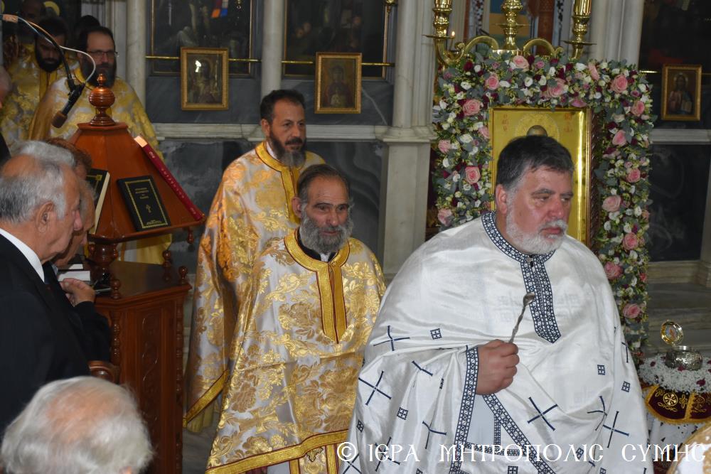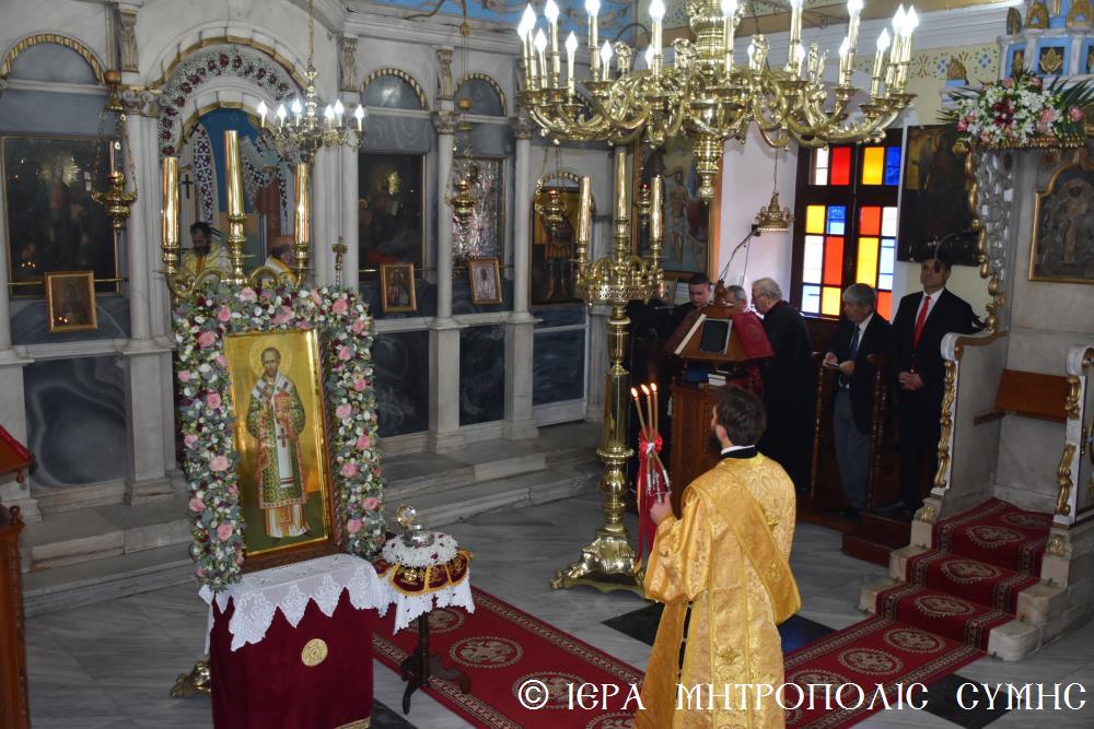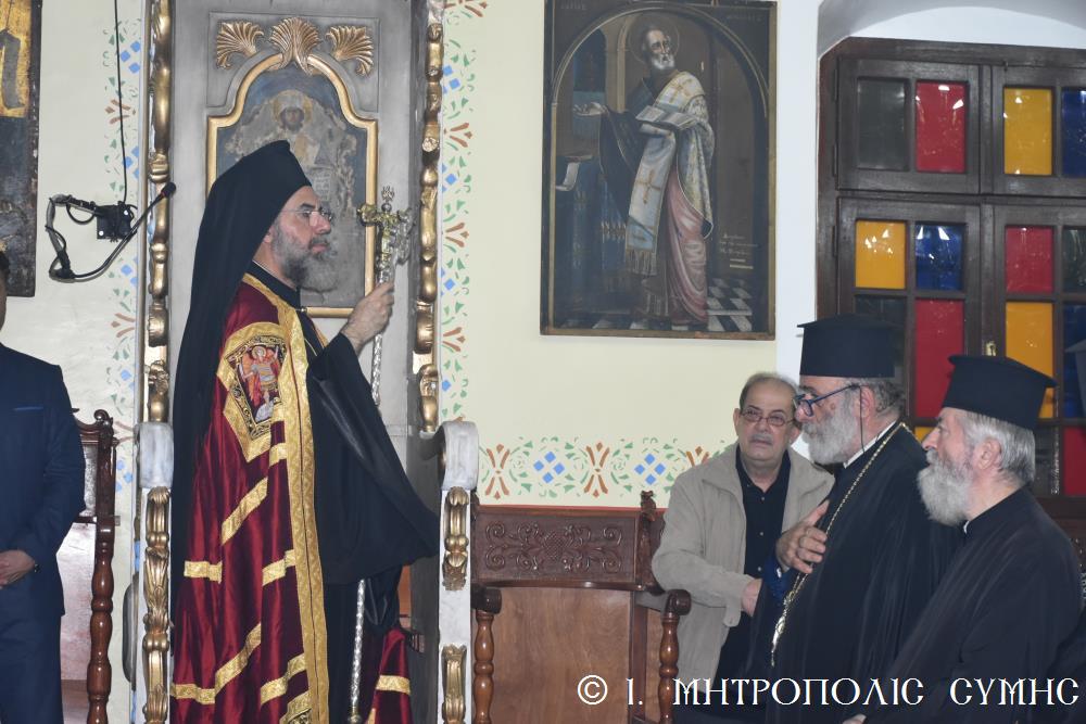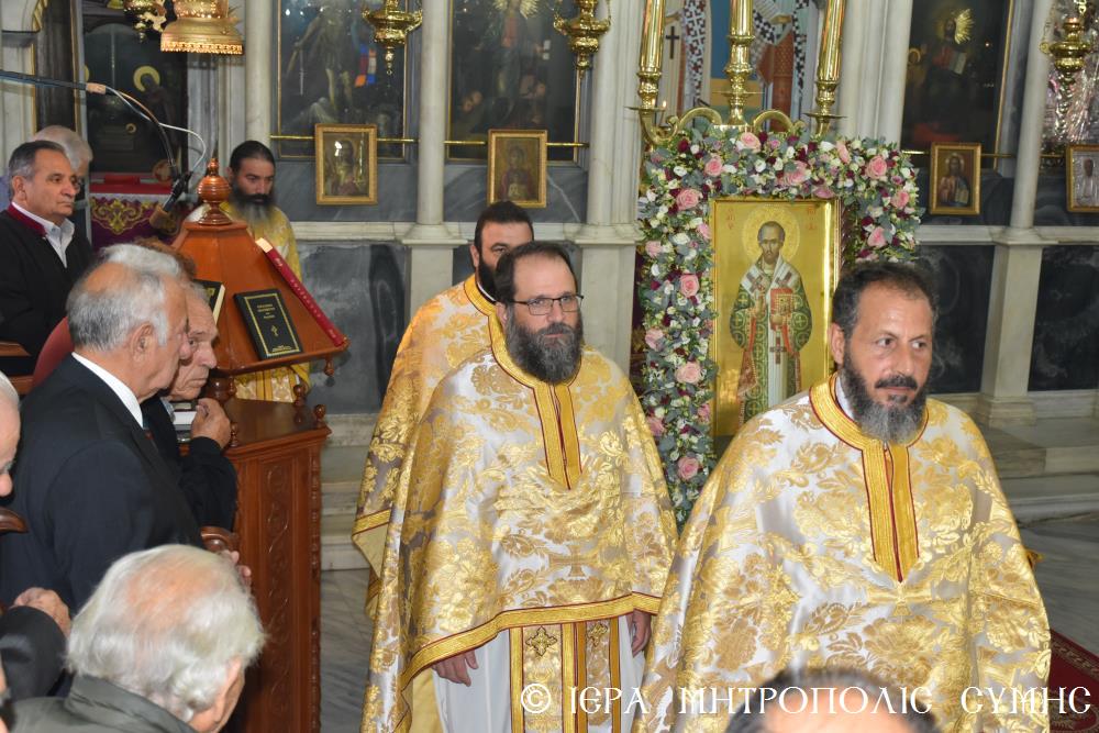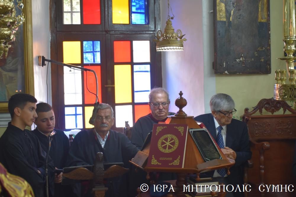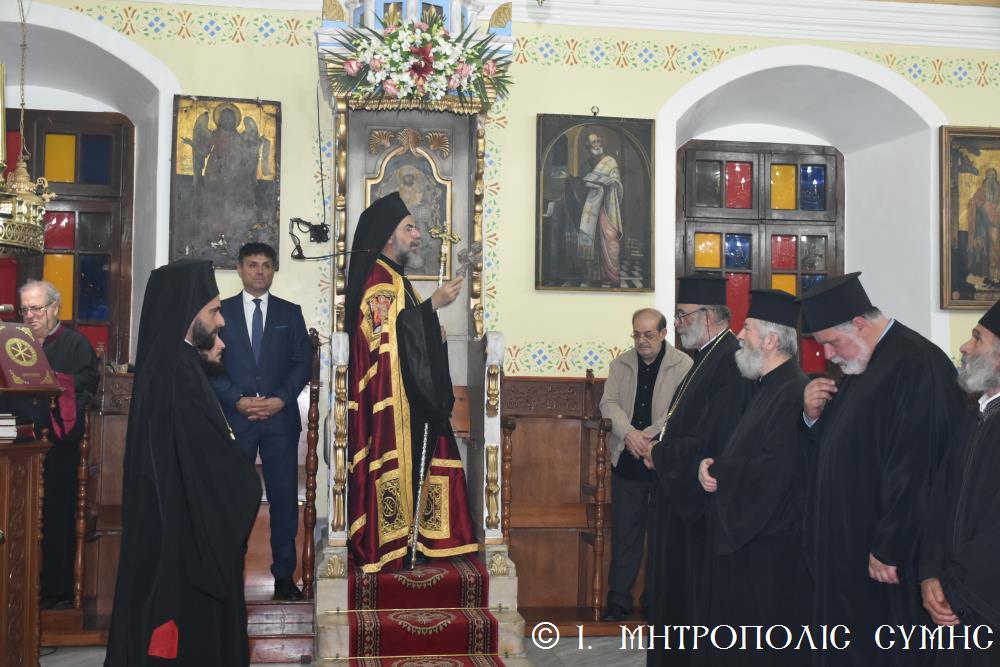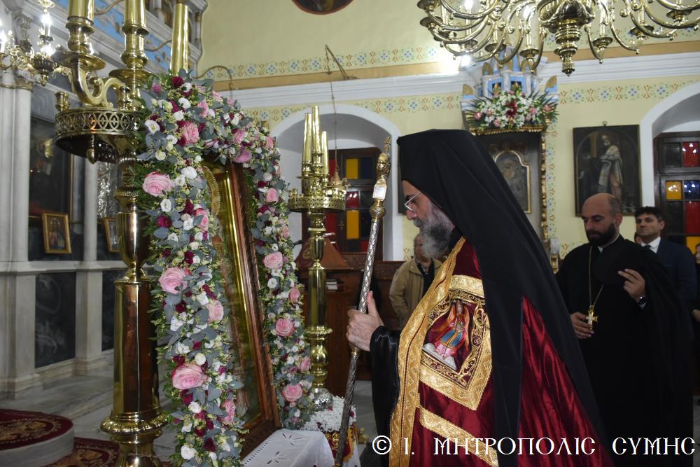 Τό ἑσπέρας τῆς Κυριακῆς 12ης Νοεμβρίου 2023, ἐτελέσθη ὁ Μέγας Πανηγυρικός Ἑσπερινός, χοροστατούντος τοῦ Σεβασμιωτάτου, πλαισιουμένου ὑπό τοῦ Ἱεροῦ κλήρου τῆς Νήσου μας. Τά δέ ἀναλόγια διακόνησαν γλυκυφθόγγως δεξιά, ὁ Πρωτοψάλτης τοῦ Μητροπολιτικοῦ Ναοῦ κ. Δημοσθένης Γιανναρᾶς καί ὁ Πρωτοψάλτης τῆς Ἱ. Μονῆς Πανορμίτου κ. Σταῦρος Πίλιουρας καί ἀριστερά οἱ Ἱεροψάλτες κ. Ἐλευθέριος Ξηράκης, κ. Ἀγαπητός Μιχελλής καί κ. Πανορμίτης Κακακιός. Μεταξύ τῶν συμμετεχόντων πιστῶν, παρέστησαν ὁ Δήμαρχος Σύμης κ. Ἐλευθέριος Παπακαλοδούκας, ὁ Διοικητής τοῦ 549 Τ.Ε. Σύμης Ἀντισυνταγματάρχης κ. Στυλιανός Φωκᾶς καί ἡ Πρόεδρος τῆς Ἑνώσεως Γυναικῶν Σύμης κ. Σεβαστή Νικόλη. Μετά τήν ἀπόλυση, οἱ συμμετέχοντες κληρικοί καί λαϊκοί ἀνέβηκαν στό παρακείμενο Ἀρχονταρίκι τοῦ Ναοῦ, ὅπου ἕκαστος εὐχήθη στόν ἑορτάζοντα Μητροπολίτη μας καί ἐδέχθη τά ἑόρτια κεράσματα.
::::::::::
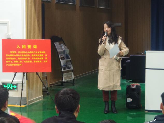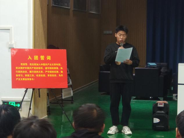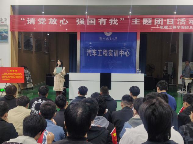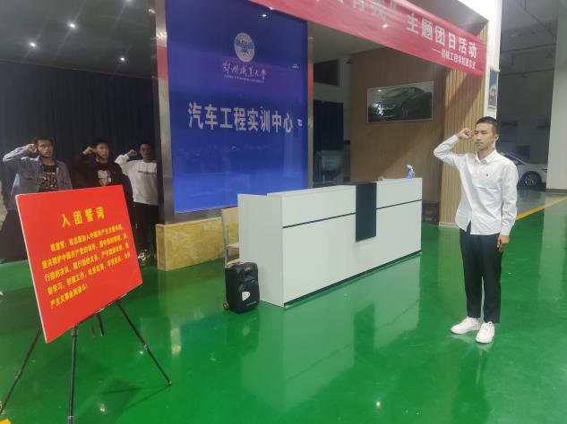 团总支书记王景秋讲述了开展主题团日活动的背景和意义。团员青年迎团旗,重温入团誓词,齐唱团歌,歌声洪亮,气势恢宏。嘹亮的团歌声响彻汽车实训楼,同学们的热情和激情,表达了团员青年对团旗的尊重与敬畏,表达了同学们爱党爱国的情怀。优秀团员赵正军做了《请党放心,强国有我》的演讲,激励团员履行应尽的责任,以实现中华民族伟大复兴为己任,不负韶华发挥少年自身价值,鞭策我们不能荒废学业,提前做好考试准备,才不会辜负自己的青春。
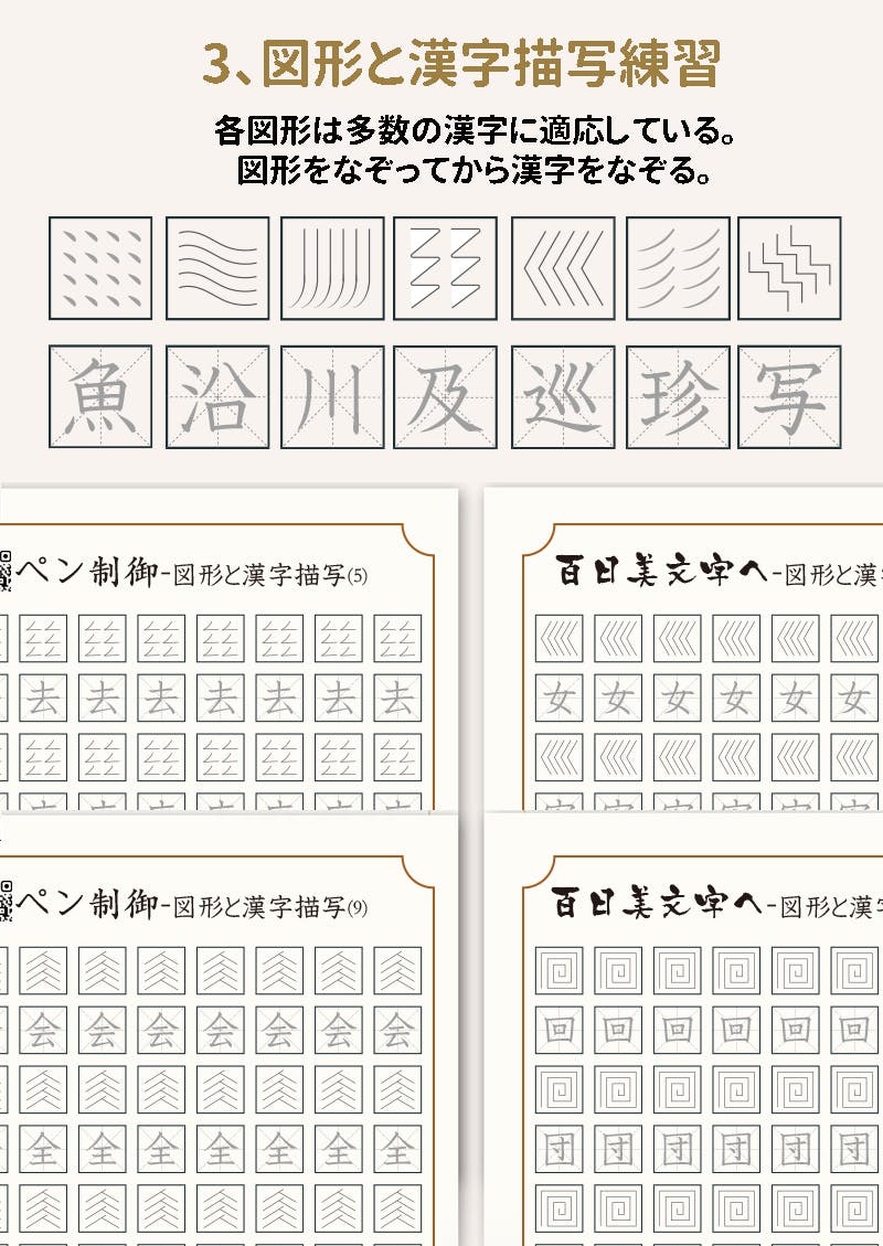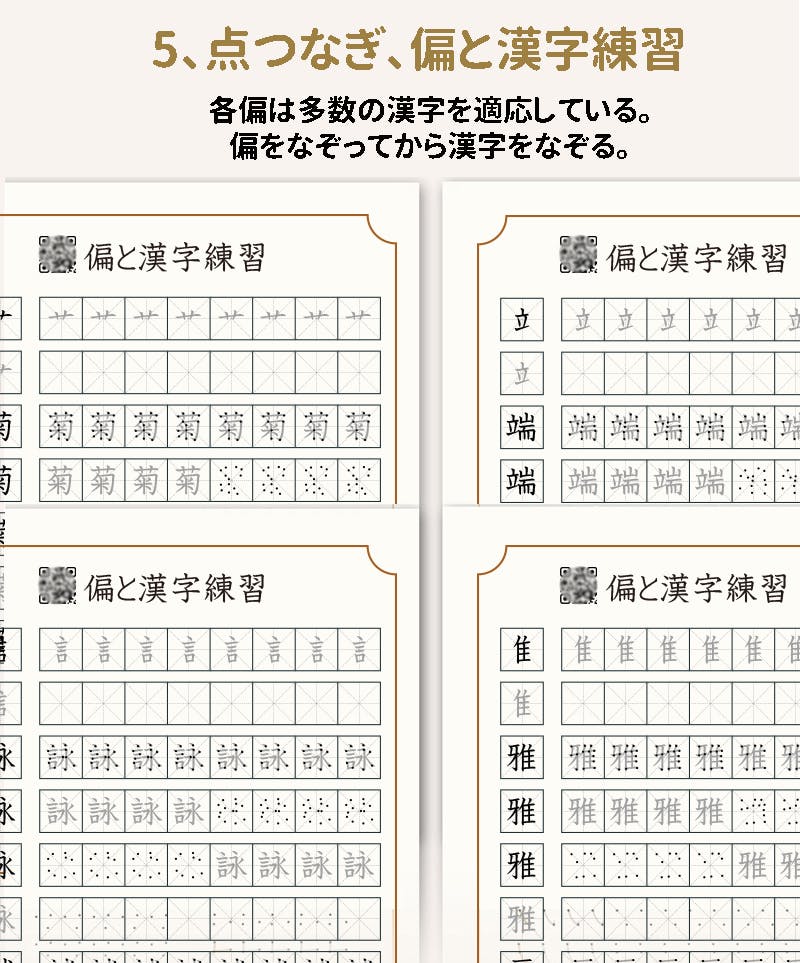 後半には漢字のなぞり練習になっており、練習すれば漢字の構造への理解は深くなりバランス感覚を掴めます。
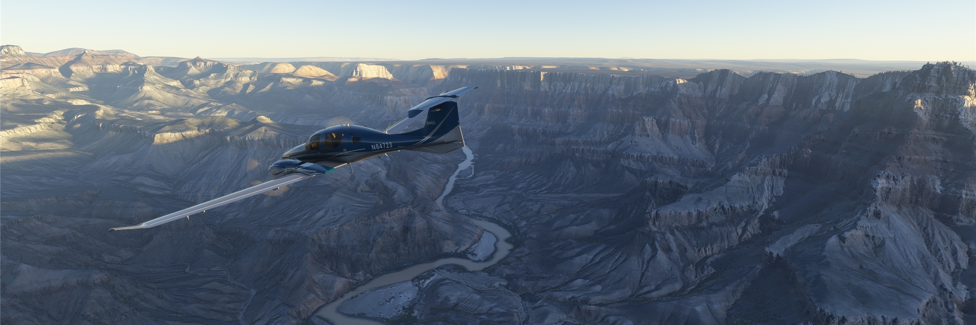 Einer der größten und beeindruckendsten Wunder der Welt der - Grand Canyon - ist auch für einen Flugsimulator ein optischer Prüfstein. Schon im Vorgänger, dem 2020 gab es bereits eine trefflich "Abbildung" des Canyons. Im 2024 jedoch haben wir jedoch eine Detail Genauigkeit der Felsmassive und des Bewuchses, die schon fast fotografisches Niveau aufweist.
::::::::::
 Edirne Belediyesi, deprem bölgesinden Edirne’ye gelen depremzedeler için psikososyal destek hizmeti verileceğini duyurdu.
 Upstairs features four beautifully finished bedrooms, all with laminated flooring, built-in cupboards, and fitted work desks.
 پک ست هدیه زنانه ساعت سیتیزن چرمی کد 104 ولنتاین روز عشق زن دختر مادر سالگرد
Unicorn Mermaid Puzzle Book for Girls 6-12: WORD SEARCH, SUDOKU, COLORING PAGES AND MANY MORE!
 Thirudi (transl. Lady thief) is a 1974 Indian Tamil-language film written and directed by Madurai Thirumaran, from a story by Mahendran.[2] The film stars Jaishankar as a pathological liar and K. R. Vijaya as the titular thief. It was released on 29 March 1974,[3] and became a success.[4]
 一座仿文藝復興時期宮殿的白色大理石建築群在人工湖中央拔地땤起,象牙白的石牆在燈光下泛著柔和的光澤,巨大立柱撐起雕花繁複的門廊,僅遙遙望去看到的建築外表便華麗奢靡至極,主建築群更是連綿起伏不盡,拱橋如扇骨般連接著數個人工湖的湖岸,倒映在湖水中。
::::::::::
Nothing should appear in the answer except the lines above from the line with "Upstairs features four" through the line with "Unicorn Mermaid Puzzle", both included, written out exactly.

Solution to this task:
 Upstairs features four beautifully finished bedrooms, all with laminated flooring, built-in cupboards, and fitted work desks.
 پک ست هدیه زنانه ساعت سیتیزن چرمی کد 104 ولنتاین روز عشق زن دختر مادر سالگرد
Unicorn Mermaid Puzzle Book for Girls 6-12: WORD SEARCH, SUDOKU, COLORING PAGES AND MANY MORE!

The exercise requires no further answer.